秦广源慢慢端起茶杯喝了一口,满脸都是沉吟之色:“小女能得到王爷的青睐,实在是三生有幸,只是小女这出身,怕是与王爷门不当户不对,配不上王爷吧?”
秦家在京城再显赫,秦佩萱到底出身民间,北堂凌钰却贵为皇子,彼此之间还是有悬殊的,他这话倒也不完全算是谦虚。
北堂凌钰自然立刻摇头:“秦家主此言差矣,我看重的是萱儿这个人,与她的出身无关。何况萱儿知书达理,才貌双全,只有我配不上萱儿,哪有萱
儿配不上我?秦家主若肯割爱,我才是真正的三生有幸呢。”
这话听在耳中,秦广源显然觉得十分舒服,却依然有些迟疑:“王爷若果真与小女两情相悦,我自是不会棒打鸳鸯。
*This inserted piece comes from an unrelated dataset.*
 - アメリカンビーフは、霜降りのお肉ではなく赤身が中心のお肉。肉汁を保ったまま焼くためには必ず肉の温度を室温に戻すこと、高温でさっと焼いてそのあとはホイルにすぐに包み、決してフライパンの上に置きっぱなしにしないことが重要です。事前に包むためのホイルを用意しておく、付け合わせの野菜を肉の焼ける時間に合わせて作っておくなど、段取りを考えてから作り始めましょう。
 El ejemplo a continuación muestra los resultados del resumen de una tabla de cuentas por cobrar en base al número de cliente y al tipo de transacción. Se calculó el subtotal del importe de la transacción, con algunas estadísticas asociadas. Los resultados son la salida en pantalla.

可自古以来这婚姻大事都是父母之命,媒妁之言,王爷的婚事,也应该由皇上和淑妃娘娘做主吧?说不定他们根本就瞧不上小女…”
“这一点请家主放一百万个心。”北堂凌钰立刻摆了摆手,一副信心十足的样子,“父皇和母妃早就说过,两个人在一起,最重要的就是彼此倾心,两情相悦,只要是我真心喜欢的人,他们都愿意成全。何况萱儿那么好,母妃一直都很喜欢她,早就说过让我快点上门提亲了,是我一直觉得我现在还不够出色,配不上萱儿,才一直没敢上门。”
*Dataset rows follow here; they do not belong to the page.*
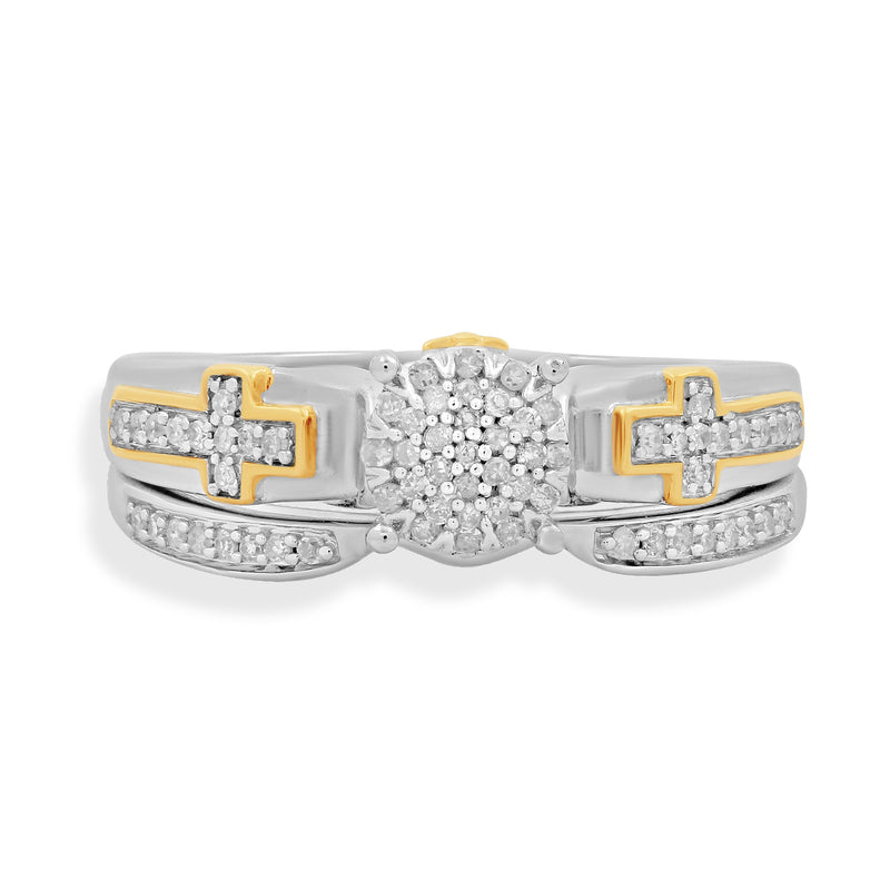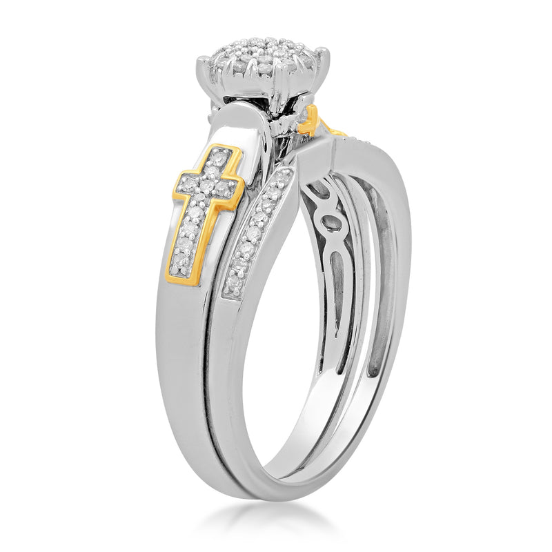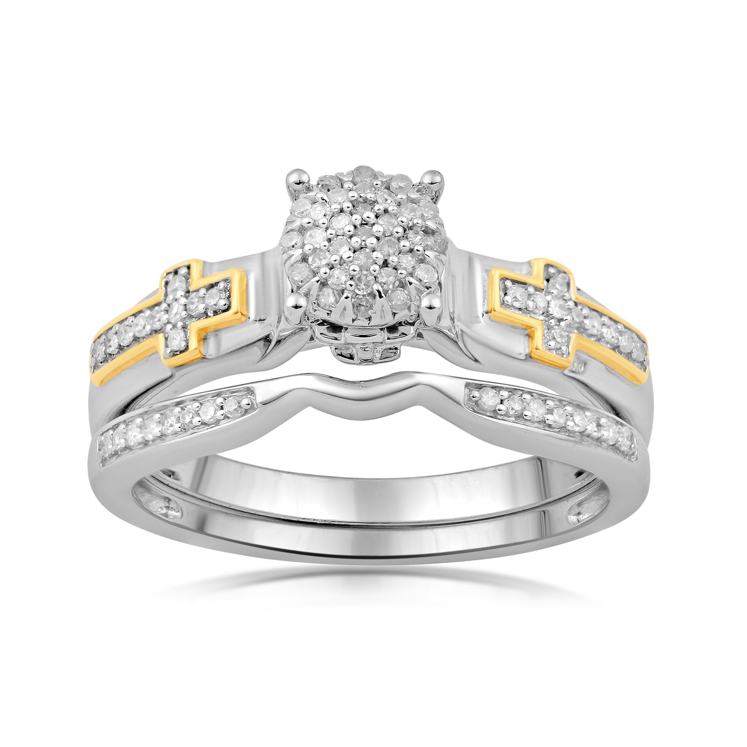 Jewelili Yellow Gold Over Sterling Silver With 1/5 CTTW Natural White Round Diamonds Bridal Set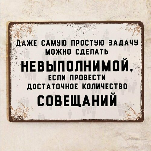 Прикольная табличка Достаточной количество совещаний для офиса , смешной подарок коллеге , металл, 20х30см.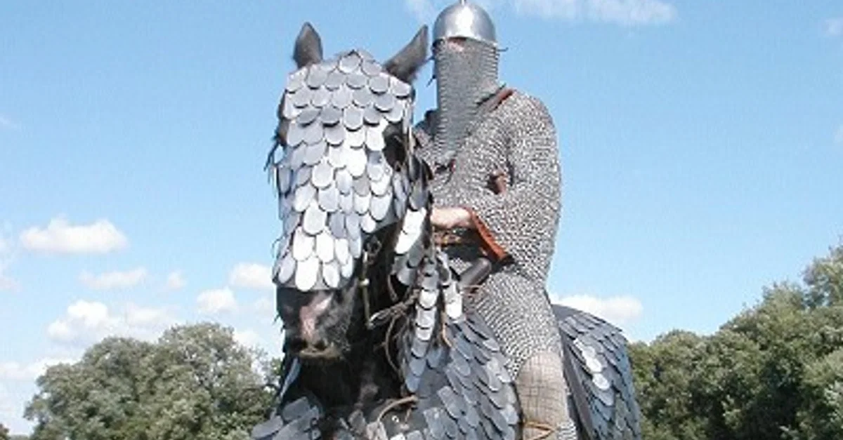 Historical reenactment of a Sassanian-era cataphract, complete with a full set of scale armor for the horse.

倒是没想到他会说出这样的话,秦广源不由怔了一下:“这样吗?其实王爷想多了…”
“字字句句出自真心!”北堂凌钰举起了手,一副赌咒发誓的样子,“到现在为止,萱儿是我唯一喜欢的人,我早就发过誓,一定要让她过上最好的
生活,我要把世间最好的东西都给她!可是我很惭愧,最好的东西一直没能争取到。不过我想好了,不能让萱儿一直这样等着我,我要娶她回去,好好疼她,爱她,还望秦家主成全!”
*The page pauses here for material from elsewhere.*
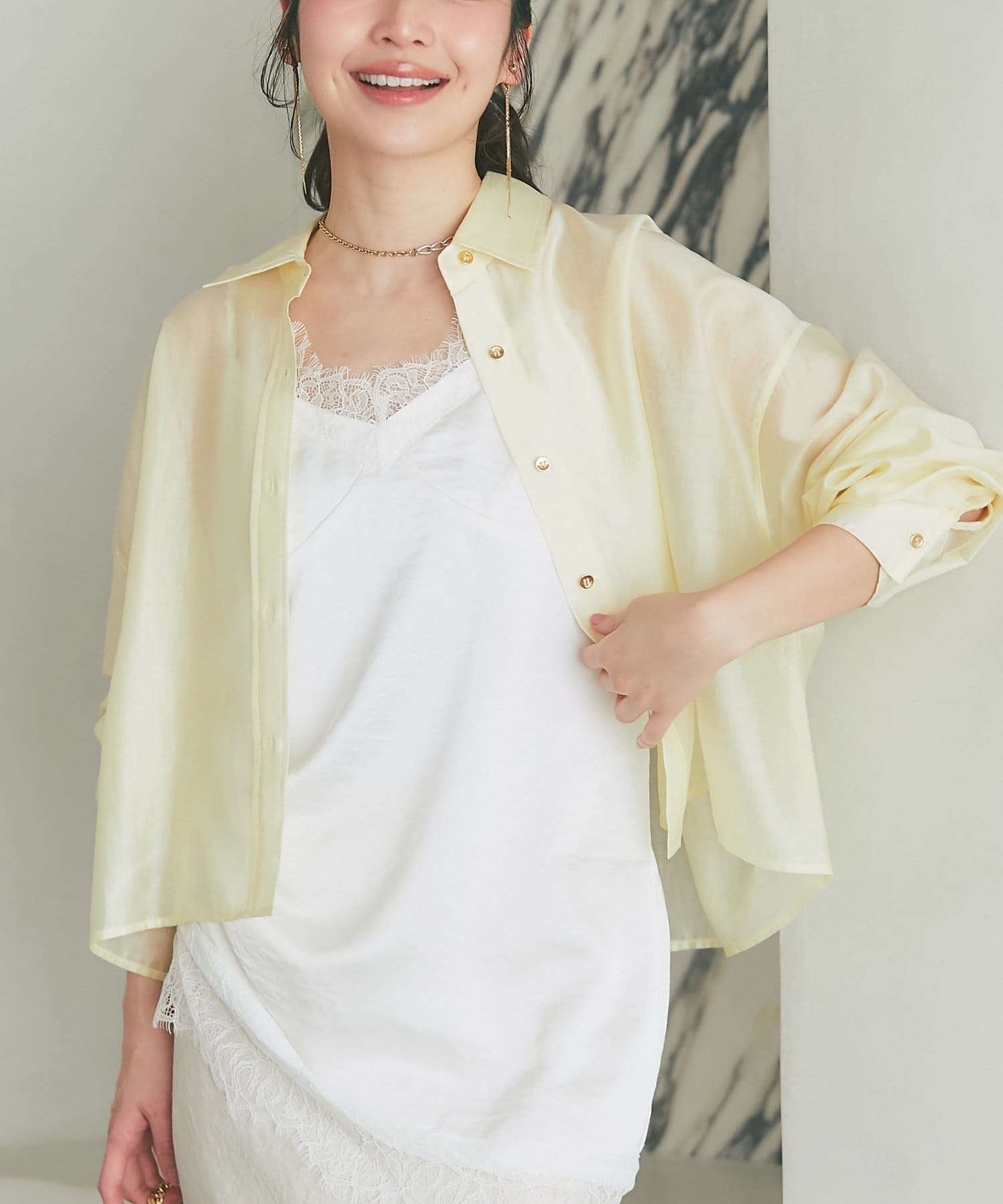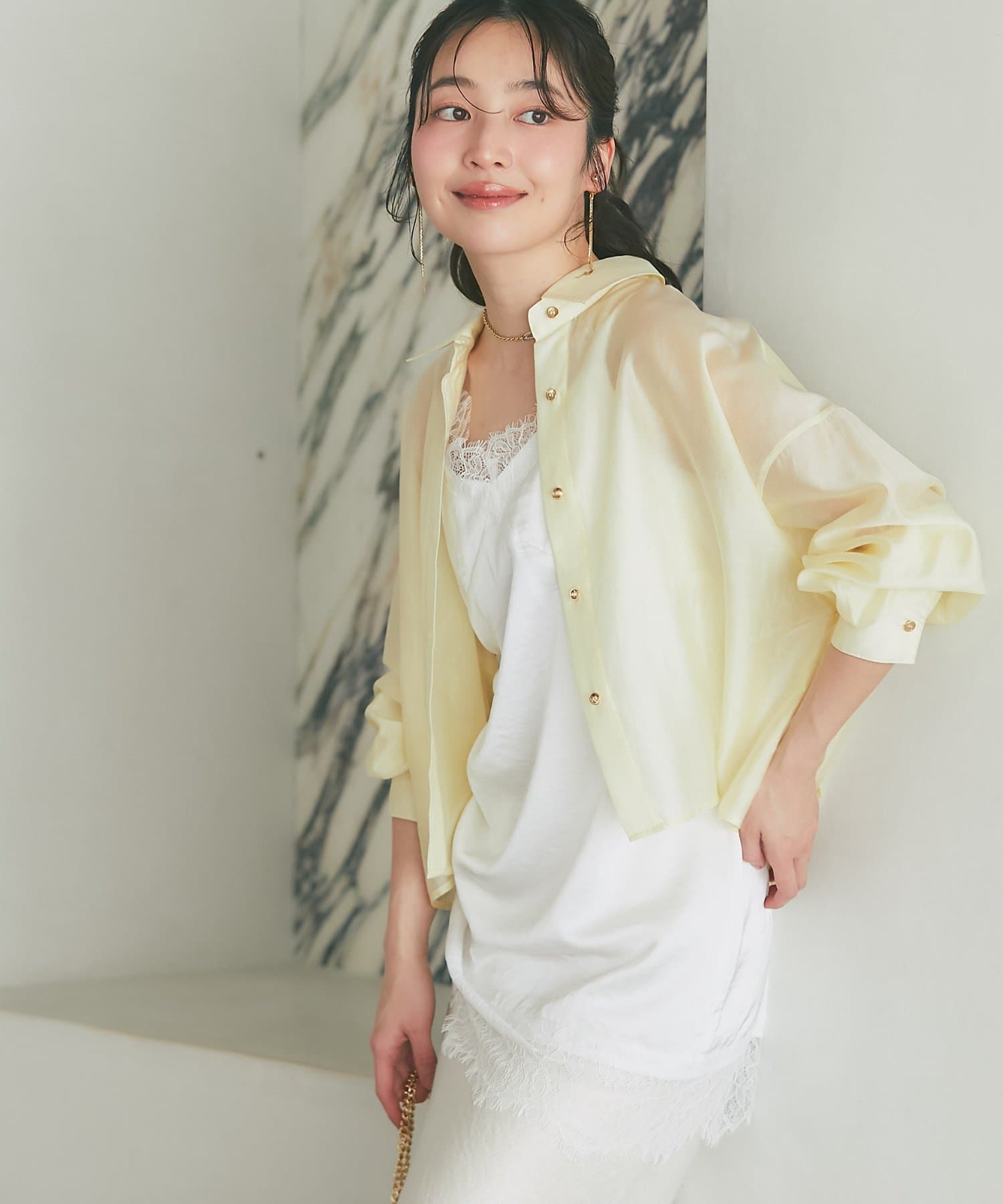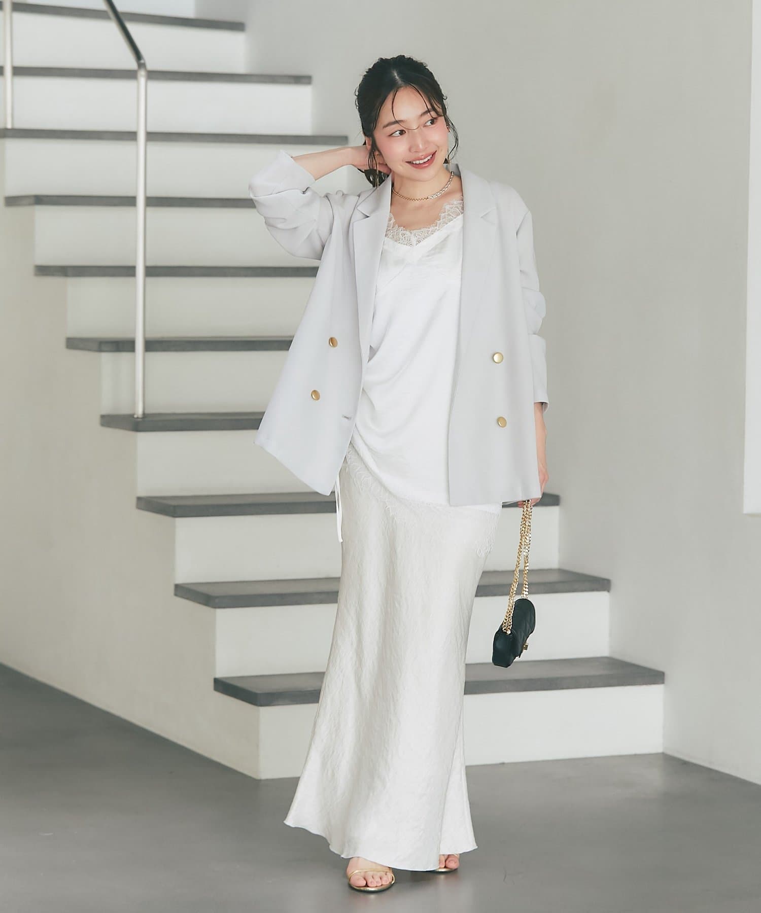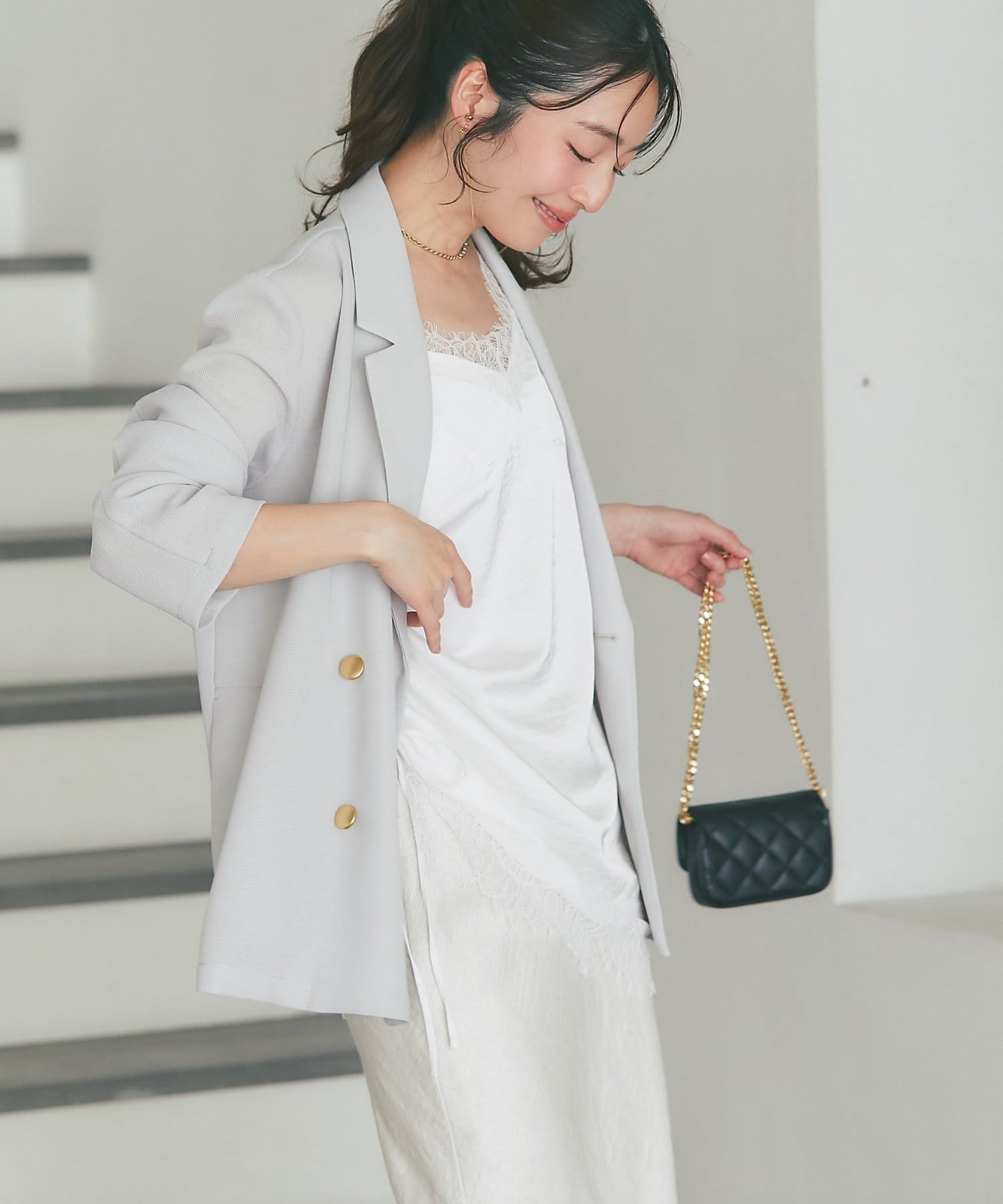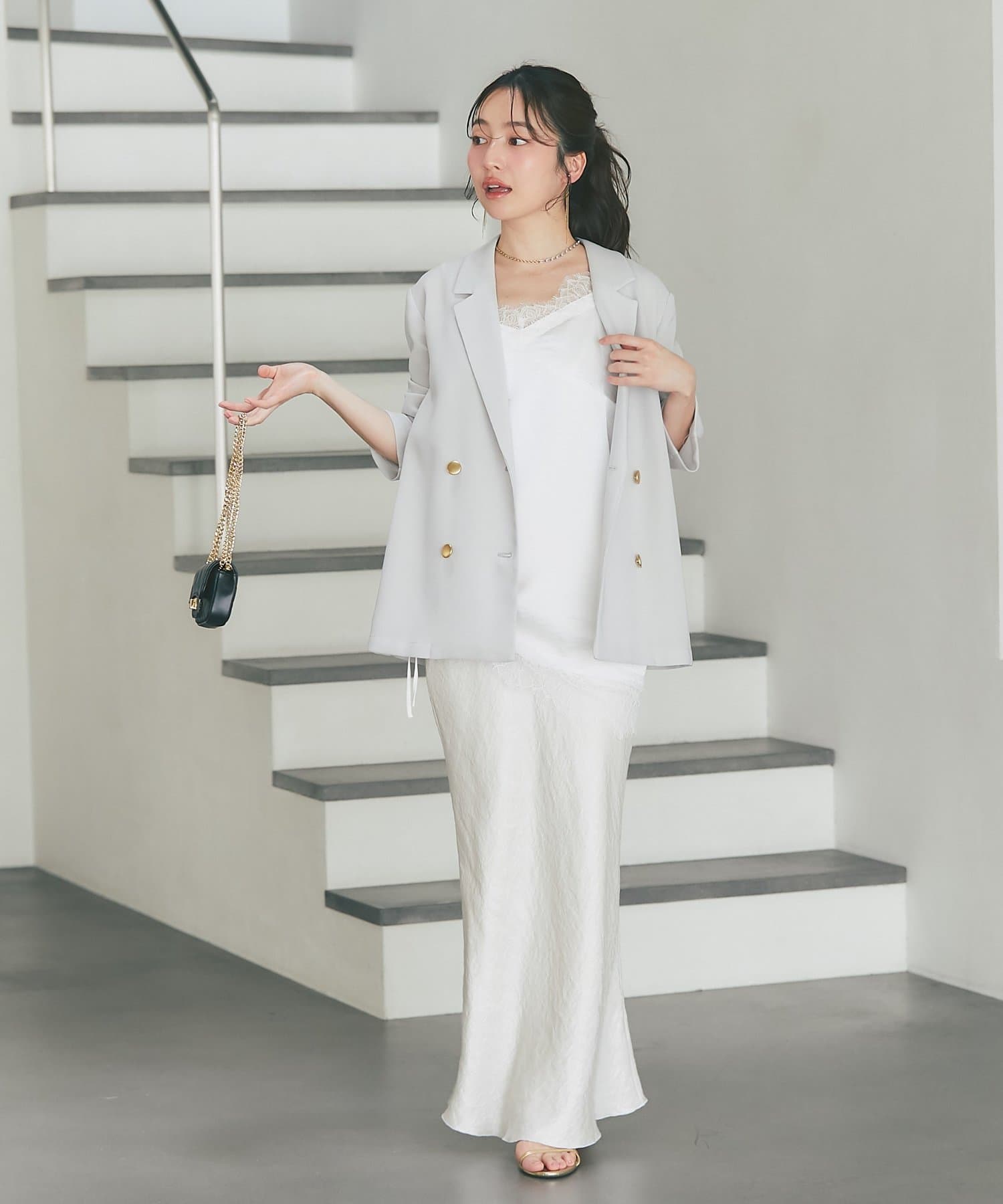 ジャケットやカーディガンを上から羽織った抜け感のあるスタイリングにも。

他突然站了起来,一撩袍服对着秦广源跪了下去,恭恭敬敬地叩了个头。
秦广源吓了一跳,赶紧起身搀扶:“使不得,这可万万使不得!王爷快快请起,快快请!”
北堂凌钰微笑,倒是一脸淡定:“只要您点个头,您可就是我的岳父大人了,这有何使不得的?”
秦广源一个用力把他扶了起来,跟着开口:“还是那句话,如果你们果真两情相悦,我自是愿意成全。不过还是请王爷回去确定一下皇上和淑妃娘娘的意思,如果他们也赞成,那…我这里就没有任何问题了。”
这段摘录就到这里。